▸ **Supplied entries**:
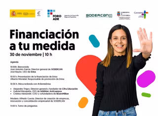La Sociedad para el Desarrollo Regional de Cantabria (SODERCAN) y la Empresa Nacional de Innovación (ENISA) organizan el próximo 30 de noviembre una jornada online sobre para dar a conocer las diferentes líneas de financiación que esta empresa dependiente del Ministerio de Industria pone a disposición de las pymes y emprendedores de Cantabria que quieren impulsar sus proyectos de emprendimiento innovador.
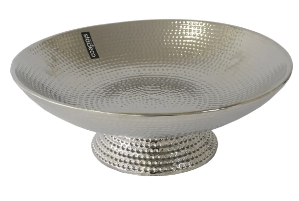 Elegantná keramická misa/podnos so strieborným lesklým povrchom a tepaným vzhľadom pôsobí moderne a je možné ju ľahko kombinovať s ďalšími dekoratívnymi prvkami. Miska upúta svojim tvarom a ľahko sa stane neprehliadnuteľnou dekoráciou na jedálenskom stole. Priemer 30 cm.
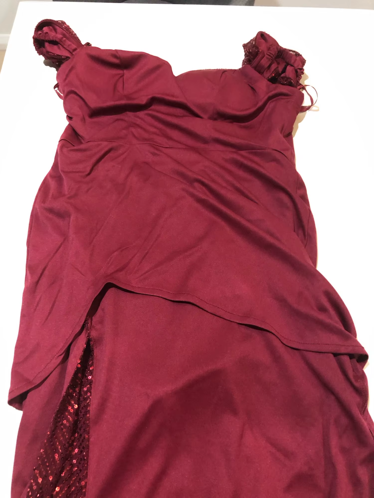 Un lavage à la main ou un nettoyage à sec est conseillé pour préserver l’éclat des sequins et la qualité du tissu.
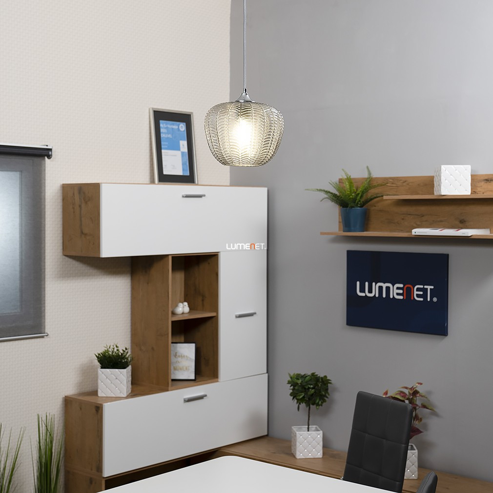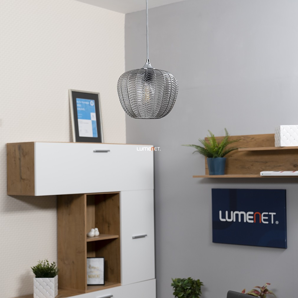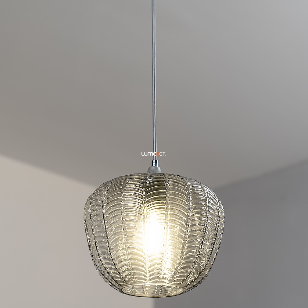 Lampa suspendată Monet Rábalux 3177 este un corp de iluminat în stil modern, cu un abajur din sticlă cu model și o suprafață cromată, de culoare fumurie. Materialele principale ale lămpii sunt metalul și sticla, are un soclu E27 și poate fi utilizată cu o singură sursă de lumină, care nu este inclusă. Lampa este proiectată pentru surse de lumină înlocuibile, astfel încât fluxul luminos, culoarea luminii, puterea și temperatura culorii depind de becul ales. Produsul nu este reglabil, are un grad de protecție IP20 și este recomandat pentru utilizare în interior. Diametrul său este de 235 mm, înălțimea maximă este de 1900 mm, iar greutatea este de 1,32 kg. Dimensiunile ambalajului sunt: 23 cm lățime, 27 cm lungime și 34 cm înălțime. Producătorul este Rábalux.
* * *
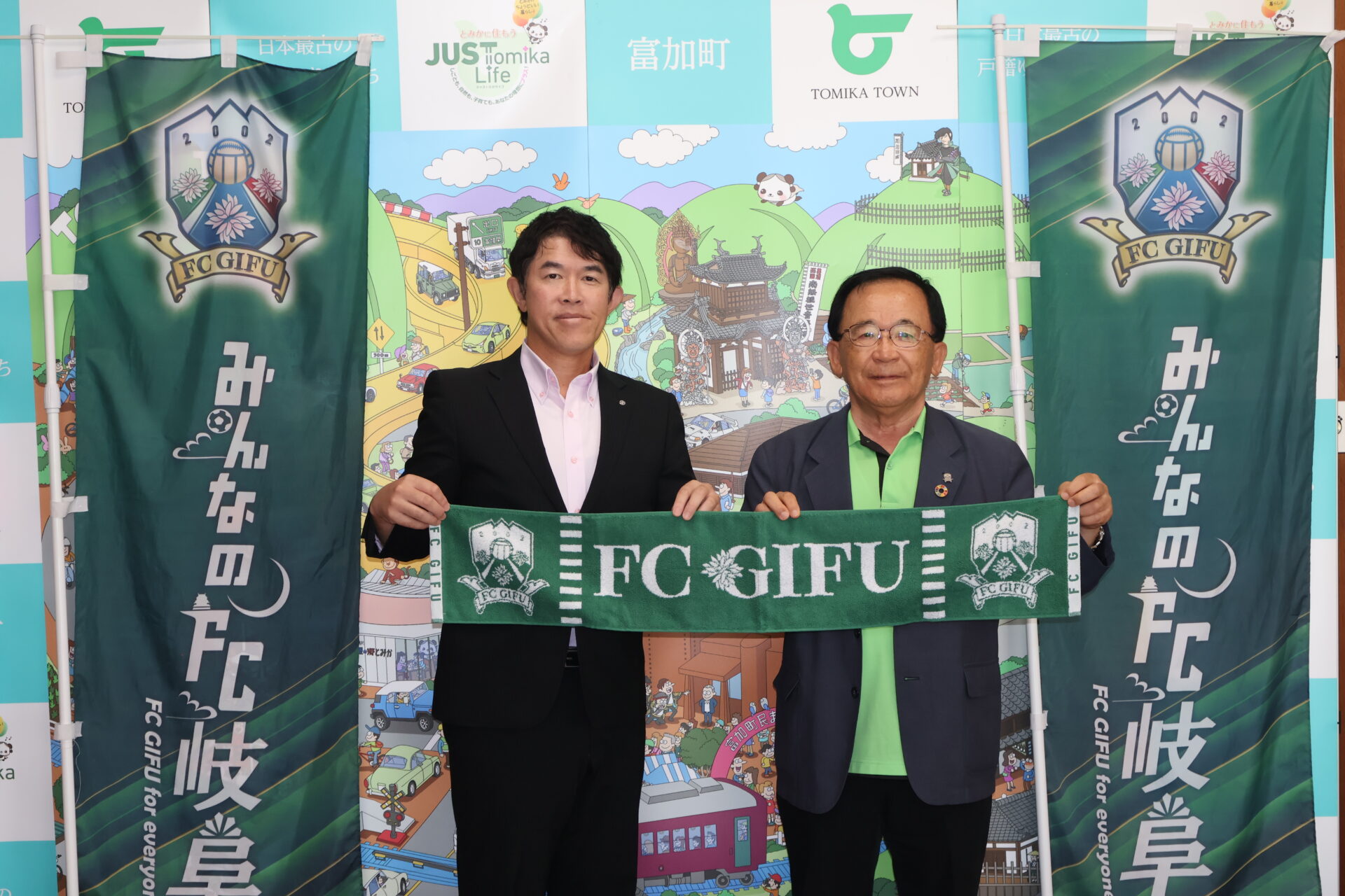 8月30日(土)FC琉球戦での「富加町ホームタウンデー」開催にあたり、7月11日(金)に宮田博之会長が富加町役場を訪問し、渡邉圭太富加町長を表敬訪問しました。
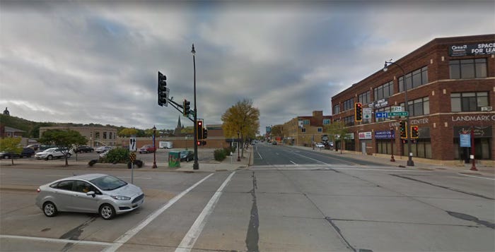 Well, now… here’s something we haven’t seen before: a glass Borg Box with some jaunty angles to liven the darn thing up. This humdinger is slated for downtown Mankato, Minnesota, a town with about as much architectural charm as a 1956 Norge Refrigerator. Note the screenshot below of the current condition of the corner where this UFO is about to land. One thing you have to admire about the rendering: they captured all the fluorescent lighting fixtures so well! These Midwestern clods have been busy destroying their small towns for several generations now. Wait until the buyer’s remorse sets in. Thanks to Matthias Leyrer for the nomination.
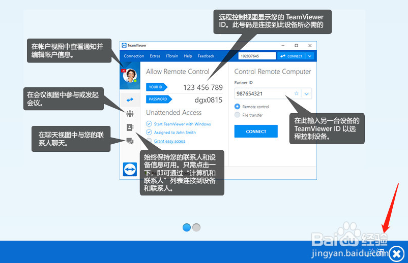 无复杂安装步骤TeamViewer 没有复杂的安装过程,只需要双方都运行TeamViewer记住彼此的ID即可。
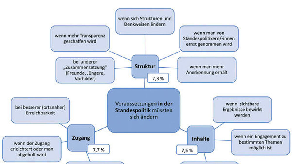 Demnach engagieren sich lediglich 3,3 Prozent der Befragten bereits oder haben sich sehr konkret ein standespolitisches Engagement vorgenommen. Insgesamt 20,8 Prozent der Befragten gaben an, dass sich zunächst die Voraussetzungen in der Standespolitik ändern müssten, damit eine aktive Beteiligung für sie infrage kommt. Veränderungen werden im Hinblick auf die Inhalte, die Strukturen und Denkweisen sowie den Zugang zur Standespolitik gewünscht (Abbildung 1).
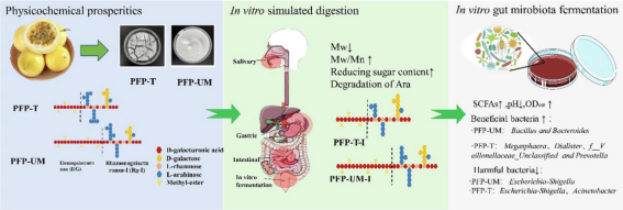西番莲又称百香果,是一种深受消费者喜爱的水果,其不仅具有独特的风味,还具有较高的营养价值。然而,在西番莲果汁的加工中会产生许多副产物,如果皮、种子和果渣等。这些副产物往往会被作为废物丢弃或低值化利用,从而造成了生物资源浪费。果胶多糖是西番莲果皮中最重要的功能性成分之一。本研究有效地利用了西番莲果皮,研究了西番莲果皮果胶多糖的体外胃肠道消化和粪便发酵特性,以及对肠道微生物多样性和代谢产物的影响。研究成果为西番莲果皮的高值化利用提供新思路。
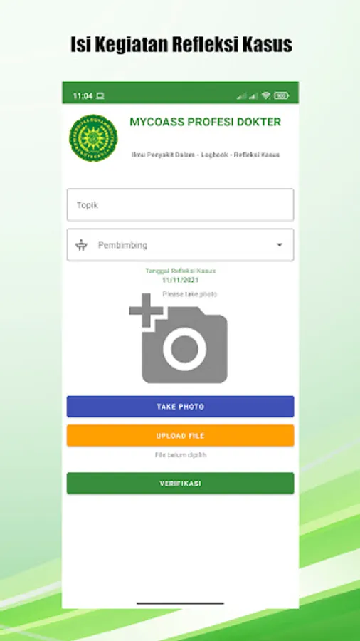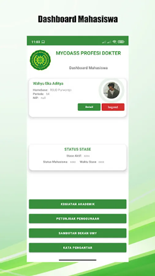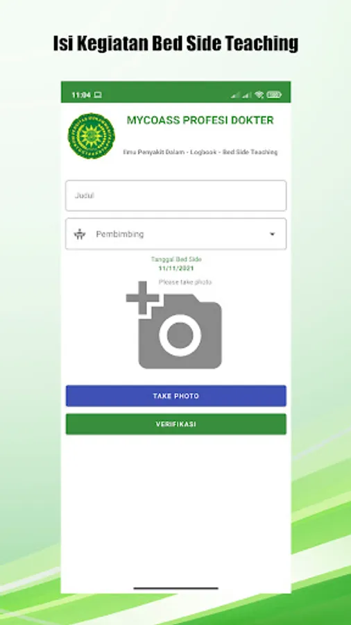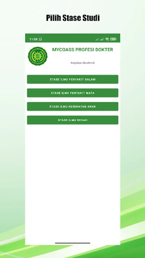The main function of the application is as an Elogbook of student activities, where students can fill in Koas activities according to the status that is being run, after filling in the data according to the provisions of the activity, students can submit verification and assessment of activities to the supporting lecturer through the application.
---
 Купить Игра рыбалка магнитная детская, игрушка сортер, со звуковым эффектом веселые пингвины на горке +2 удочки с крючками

▸ **Work to complete**: Return exactly the stretch above whose first line contains "La Sociedad para" and whose last line contains "Un lavage à", and nothing outside it. The pictures should not appear.

▸ **Answer box**:
La Sociedad para el Desarrollo Regional de Cantabria (SODERCAN) y la Empresa Nacional de Innovación (ENISA) organizan el próximo 30 de noviembre una jornada online sobre para dar a conocer las diferentes líneas de financiación que esta empresa dependiente del Ministerio de Industria pone a disposición de las pymes y emprendedores de Cantabria que quieren impulsar sus proyectos de emprendimiento innovador.
 Elegantná keramická misa/podnos so strieborným lesklým povrchom a tepaným vzhľadom pôsobí moderne a je možné ju ľahko kombinovať s ďalšími dekoratívnymi prvkami. Miska upúta svojim tvarom a ľahko sa stane neprehliadnuteľnou dekoráciou na jedálenskom stole. Priemer 30 cm.
 Un lavage à la main ou un nettoyage à sec est conseillé pour préserver l’éclat des sequins et la qualité du tissu.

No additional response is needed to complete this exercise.